Wednesday, 6th December 2006
History and Overview: Microsoft Live Book Search (Beta) Now Online; Medical Content Being Added to MS Live Academic
In the Fall of 2005, Microsoft announced that it would release a book search service and, at the same time, joined the Open Content Alliance (OCA).
From the October 2005 announcement:
MSN will first make available books that are in the public domain and is working with the Internet Archive to digitize the material. MSN will then work to extend its offering to other types of offline content. The digitized content will primarily be print material that has not been copyrighted, and Microsoft will clearly respect all copyrights and work with each partner providing the information to work out mutually agreeable protections for copyrights.

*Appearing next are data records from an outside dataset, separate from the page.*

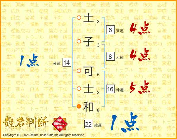 土(3画)子(3画) 可(5画)士(3画)和(8画)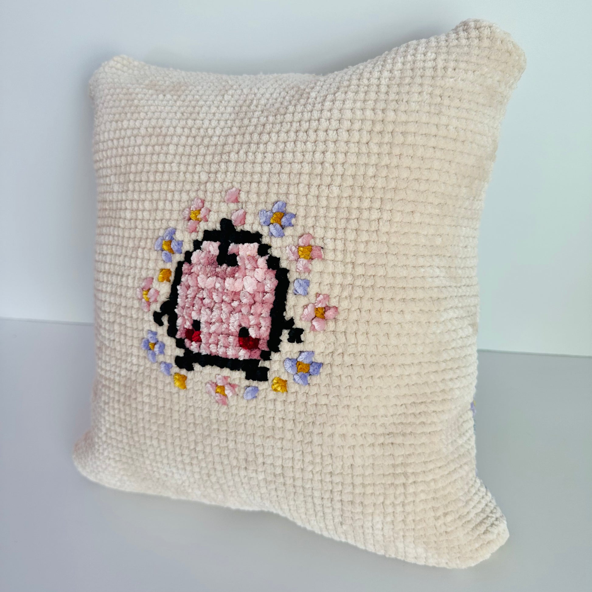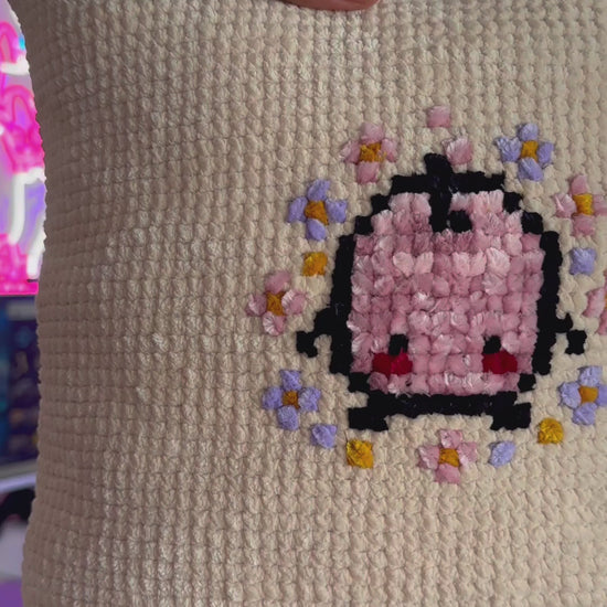 Introducing the Crochet Stardew Valley Chicken & Egg Pillow, a whimsical creation inspired by the beloved world of Stardew Valley. Handcrafted with meticulous care using luxurious velvet yarn, this charming pillow showcases soft pastel colors and an intricate crochet design.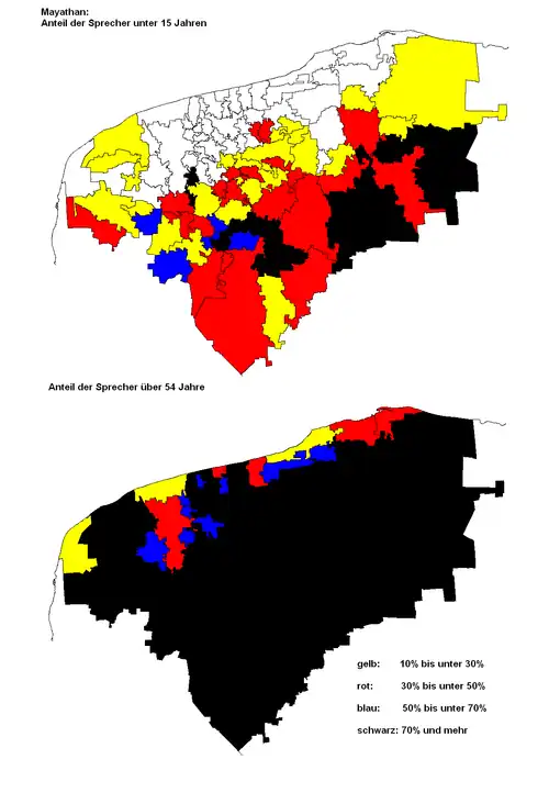 Im Bundesstaat Yucatán spricht (Stand: 2010) noch in 52 von 106 Municipios eine Mehrheit die indigene Sprache; über 90 % liegt der Anteil noch (beim höchsten Anteil beginnend) in Tahdziú (98,98 %), Mayapán, Chikindzonot, Chacsinkín, Tixcacalcupul, Chankom, Chemax (90,75 %, mit insgesamt 33.490 Einwohnern größtes unter diesen Municipios), Chichimilá, Tixmehuac und Tekom.[4]
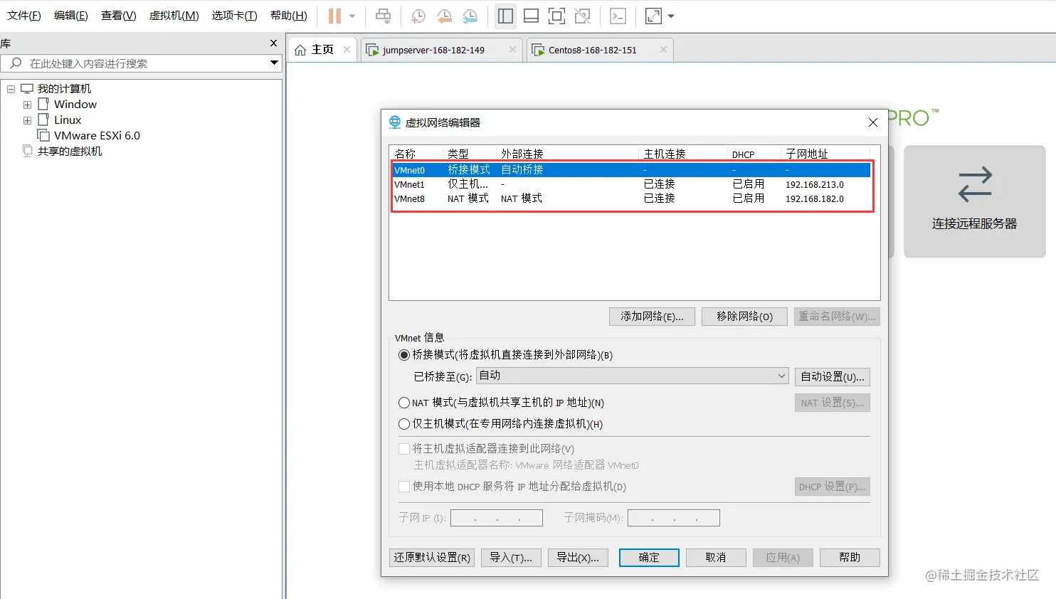 vmware为我们提供了三种网络工作模式,它们分别是:Bridged(桥接模式)、NAT(网络地址转换模式)、Host-Only(仅主机模式)。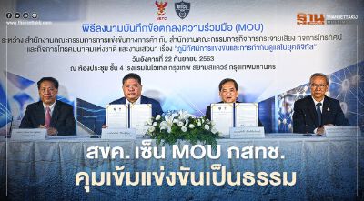 ผู้สื่อข่าวรายงาน ( 22 ก.ย.2563)ว่า สำนักงานคณะกรรมการการแข่งขันทางการค้า (สขค.) ได้จัดพิธีลงนามบันทึกข้อตกลงความร่วมมือ(MOU)ด้านการกำกับดูแลการแข่งขันในธุรกิจเกี่ยวกับกิจการกระจายเสียงกิจการโทรทัศน์ และกิจการโทรคมนาคม โดยนายสมศักดิ์ เกียรติชัยลักษณ์ เลขาธิการคณะกรรมการการแข่งขันทางการค้า กับ นายไตรรัตน์ วิริยศิริกุล รองเลขาธิการ รักษาการเลขาธิการคณะกรรมการกิจการกระจายเสียง กิจการโทรทัศน์ และกิจการโทรคมนาคมแห่งชาติ(กสทช.) มีศาสตราจารย์สกนธ์ วรัญญูวัฒนา ประธานกรรมการการแข่งขันทางการค้า และ ผู้ช่วยศาสตราจารย์ ดร.ธวัชชัย จิตรภาษ์นันท์ กรรมการกิจการกระจายเสียงกิจการโทรทัศน์ และกิจการโทรคมนาคม ร่วมเป็นสักขีพยาน ณ ห้องประชุม ชั้น 4 โรงแรมโนโวเทล กรุงเทพ สยามสแควร์ กรุงเทพมหานคร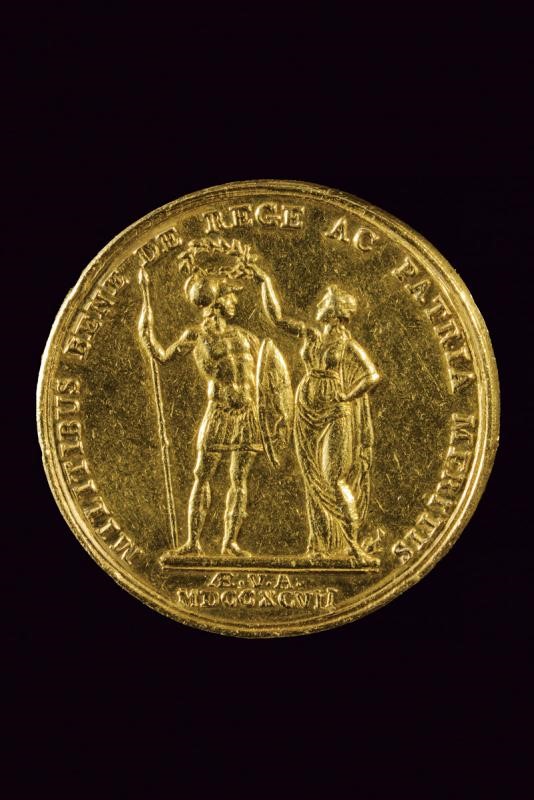 Very rare gold medal awarded for military bravery. On the obverse, bust (right), wearing plumed helmet and cloak, surrounded by the inscription "FERDINANDVS IV UTRIUSQ. SICILIAE REX P.F.A.". Opus "Morghen". On the reverse, a standing soldier, facing right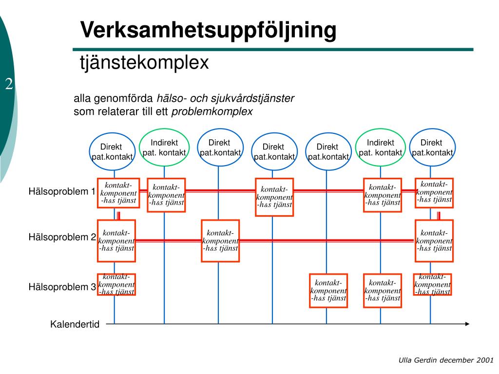 Verksamhetsuppföljningtjänstekomplex 2 alla genomförda hälso- och sjukvårdstjänstersom relaterar till ett problemkomplex Indirektpat. kontakt Direkt pat.kontakt Indirektpat. kontakt Direkt pat.kontakt Direkt pat.kontakt Direkt pat.kontakt Direkt pat.kontakt kontakt-komponent -h&s tjänst kontakt-komponent -h&s tjänst kontakt-komponent -h&s tjänst kontakt-komponent -h&s tjänst kontakt-komponent -h&s tjänst Hälsoproblem 1 kontakt-komponent -h&s tjänst kontakt-komponent -h&s tjänst kontakt-komponent -h&s tjänst Hälsoproblem 2 kontakt-komponent -h&s tjänst kontakt-komponent -h&s tjänst kontakt-komponent -h&s tjänst kontakt-komponent -h&s tjänst Hälsoproblem 3 Kalendertid Ulla Gerdin december 2001
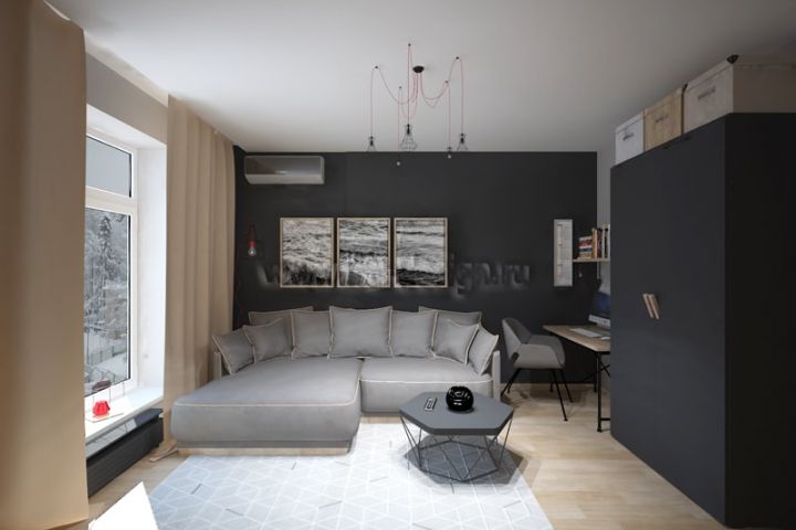 Дизайн интерьера гостиной площадью 16 кв.м в современном стиле. Подробнее о проекте - https://hti-design.ru/projects/interier-gostinoy-spalni-i-lodgiyi/.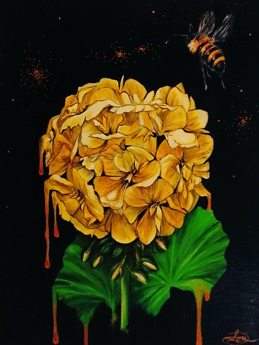 【メルティーフラワー】 黄ゼラニウム 花言葉:予期せぬ出会い #油絵 #絵描きさんと繫がりたい #蜂 #植物画 #みんなで繋がるTwitter展覧会 #illustration #artwork #絵柄が好みって人にフォローされたい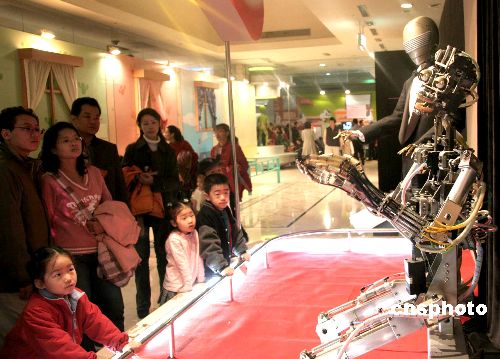 台北“机器人教育展”目前正在信义区新光三越举行。图为五日部分大小朋友在欣赏机器人表演“脱口秀”。作者:黄少华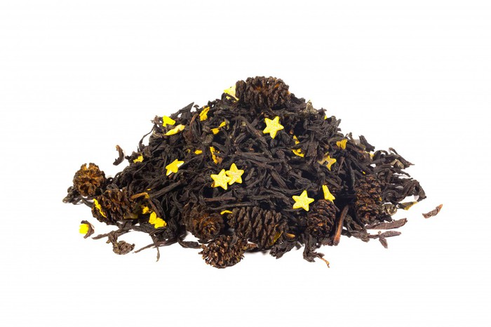 Краткое описание: Купаж черного и зеленого чая с добавлением шишек ольхи, разноцветной сахарной посыпки Звезды, лепестков подсолнечника и ароматом горького миндаля и груши. Сорт высший.

More on the October 2005 announcement about Microsoft Book Search in a fact-filled article by Barbara Quint.
In November 2005, the British Library said it was joining the Microsoft project. Then, in June 2006, a Microsoft press release indicated that some books from the University of California and the University of Toronto would be digitized and included in the database. Since then, the University of California announced that it was also going to take part in Google's Library Program -- which is a part of Google Book Search.
Today, about 14 months after MS announced its intentions, Microsoft Live Book Search is online (beta release) at http://books.live.com. Here's the Microsoft Live Search Blog announcement. This is called the U.S. release. So it's likely that the service will gradually roll out globally with the index also adding material in languages other than English. A search with non-English words (here's an example with Spanish words) found only a few books, and those were English language titles that contained the terms.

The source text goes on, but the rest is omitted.